(Échos du Niger 1 mars) De sources sécuritaires, l’attaque a eu lieu hier vendredi 28 février à Ekadey Malane, près de la position militaire de Inanbagarett vers la frontière algérienne. C’est une patrouille du Bataillon Spécial d’intervention (BSI) de la zone de Défense N°2 des Forces armées nigériennes (FAN) d’Agadez qui est tombée dans une embuscade tendue par des individus lourdement armés.
Onze (11) soldats ont été tués dans l’attaque et deux (02)autres blessés.
Les victimes de l’embuscade ont été inhumées ce samedi au cimetière musulman d’Agadez en présence du Chef d’état-major des Armées (CEMA), le Général Moussa Salaou Barmou, celui de l’armée de terre (CEMAT), le Général Mahamane Sani Kiaou, le Gouverneur de la Région, le Général Ibrah Boulama Issa ainsi que des responsables militaires et civils de la région.
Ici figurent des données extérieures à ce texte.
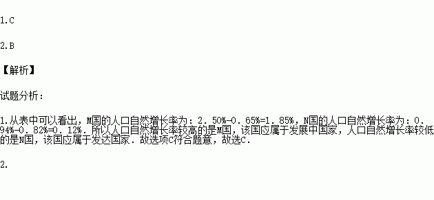 ①人口自然增长率较高的是M国 ②人口自然增长率较高的是N国
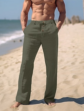 Per uomo Pantaloni di lino Pantaloni Pantaloni estivi Pantaloni da spiaggia Vita elastica Pulsante laterale Plissettato Liscio Comfort Traspirante Lunghezza intera Informale Giornaliero Per eventi

Il faut noter que l’attaque a été revendiqué par le JNIM (affilié à Al-Qaeda) qui a annoncé au moins 15 soldats tués, plusieurs autres pris en otage et a diffusé sur sa chaîne de propagande les images de l’assaut avec des véhicules militaires, des équipements, des armes et des munitions saisis au cours de l’opération assez inédite dans cette zone située à l’extrême nord-ouest du pays, vers la frontière algérienne mais aussi pas loin de celle du Mali.
Selon les autorités, le lieu de l’attaque, frontalier avec l’Algérie voisine, est très connu car emprunté par des groupes armés non étatiques qui y font prospérer leurs trafics en tous genres.